The Chairman’s Award first-place winner received a cash award of $100,000 and a trophy, along with a range of LASCO gift prizes.

The first runner-up, Woman Sergeant Alsian Clayton of the Area 1 Division , and second runner-up, District Constable Alfred Palmer of Area 4 were awarded a trophy and a cash prize valued at $75, 000 and $50,000, respectively, along with gift tokens from LASCO.

Through initiatives like the annual LASCO/JCF Police Officer of the Year Awards, which have highlighted the work ethic, relationships with the public and team members, involvement in communities, and other social initiatives of the force, the LASCO Chin Foundation, which has collaborated with the JCF for more than 22 years, vows to continue making a significant impact on boosting the morale of constabulary members and the communities they serve.

Lascelles Chin, founder and executive chairman of LASCO Affiliated companies, in his remarks, encouraged officers to keep motivating and inspiring the community members around them, to help them to advance both in their professional and personal lives.

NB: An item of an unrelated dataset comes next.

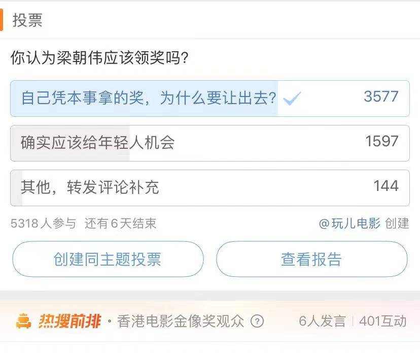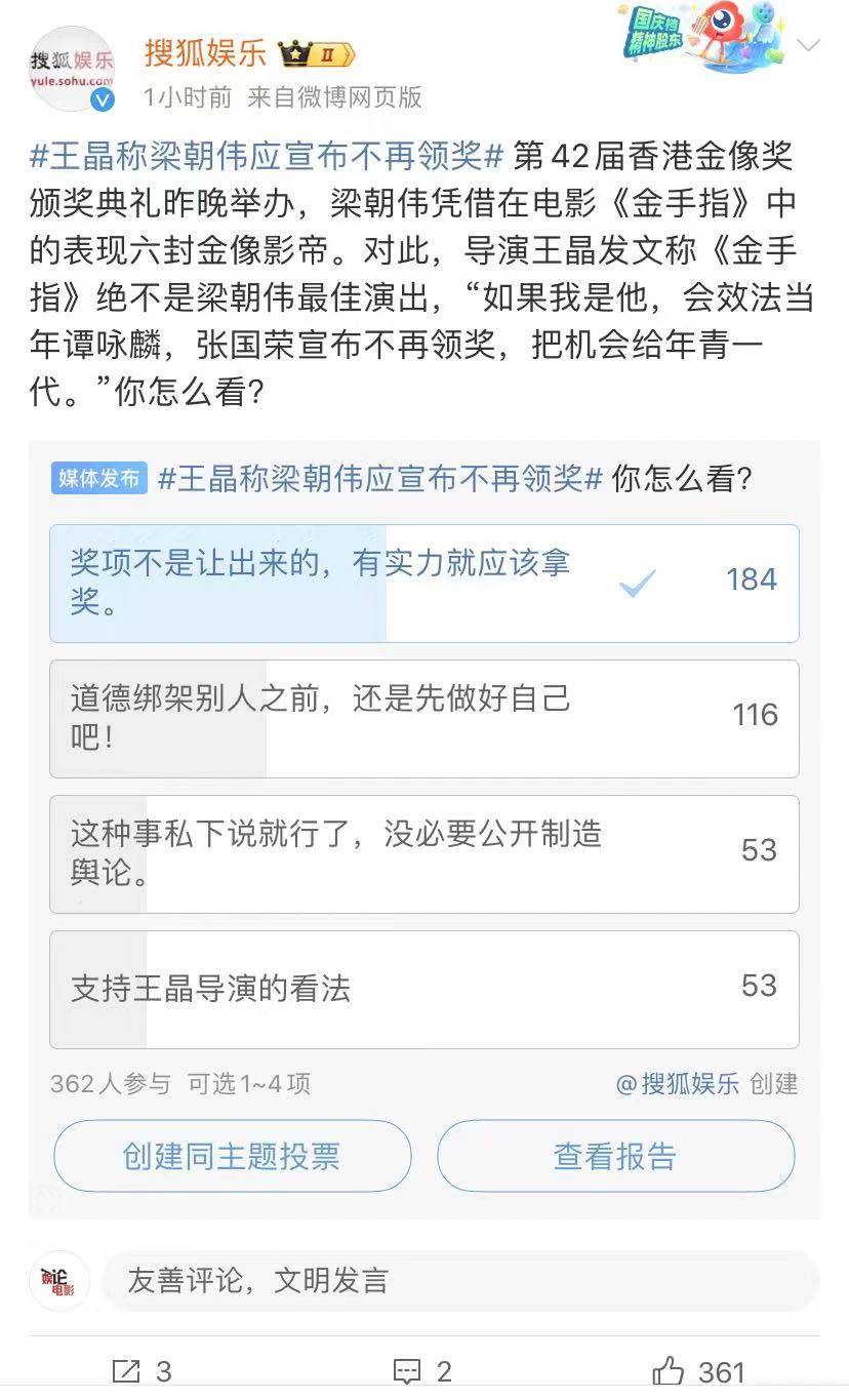 内地媒体针对王晶的说法进行投票选项,大多数网友认为自己凭本事拿的奖,为什么要让出去?少部分是认为应该给年轻机会。
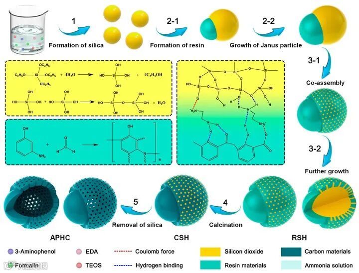 如图1所示,硅酸四乙酯(TEOS)作为硅源,间氨苯酚及甲醛作为酚醛树脂及碳前驱体,氨水作为催化剂,乙二胺作为粘结剂。在合适的反应速率下,TEOS快速水解聚合生成二氧化硅球(步骤1)。随后,酚醛树脂快速产生,在二氧化硅球表面进行岛状生长得到不对称的复合材料(步骤2)。随着反应的进行,由于尺寸效应的影响,酚醛树脂低聚物将会在二氧化硅球的另一侧表面进行成核,与二氧化硅共组装生长,得到放射状复合层,最终得到不对称的酚醛树脂/二氧化硅复合纳米颗粒(RSH,步骤3)。RSH经过高温碳化后得到不对称的碳/二氧化硅复合纳米颗粒(CSH,步骤4)。进一步除去CSH中的二氧化硅,可以得到目标产物——不对称多孔中空纳米碳材料(APHC,步骤5)。

He added that police officers ought to seek to better educate themselves to understand the world around them in which they operate on a daily basis.

Paula Llewellyn, director of public prosecutions, in her keynote address, spoke on what it meant to be “a leader in the trenches”.

She urged cops to uphold the law despite temptations to do otherwise, and to assist with ensuring that communities were law-abiding

“Never forget that you are there to serve the public, not the other way around,” she said.

She urged those in leadership positions to be in sync and work in unity with their subordinates, moving pass the constraints of job positions and seeing all as equals working to achieve one goal.

“It is important that your subordinates see you with your shoulders to the wheel, sometimes with them in the uncomfortable conditions that they have to face; so you have to be there in the trenches, too, with them,” she said.

“You can’t stay in your air-conditioned office ... they must see you from time to time, eating the patty with them, being with them where they have lack of resources and most importantly, using your emotional intelligence to empathise and sympathise; that is how you build morale,” she added.

She also stated that as officers of the law, honour and integrity had to be ingrained in their DNA.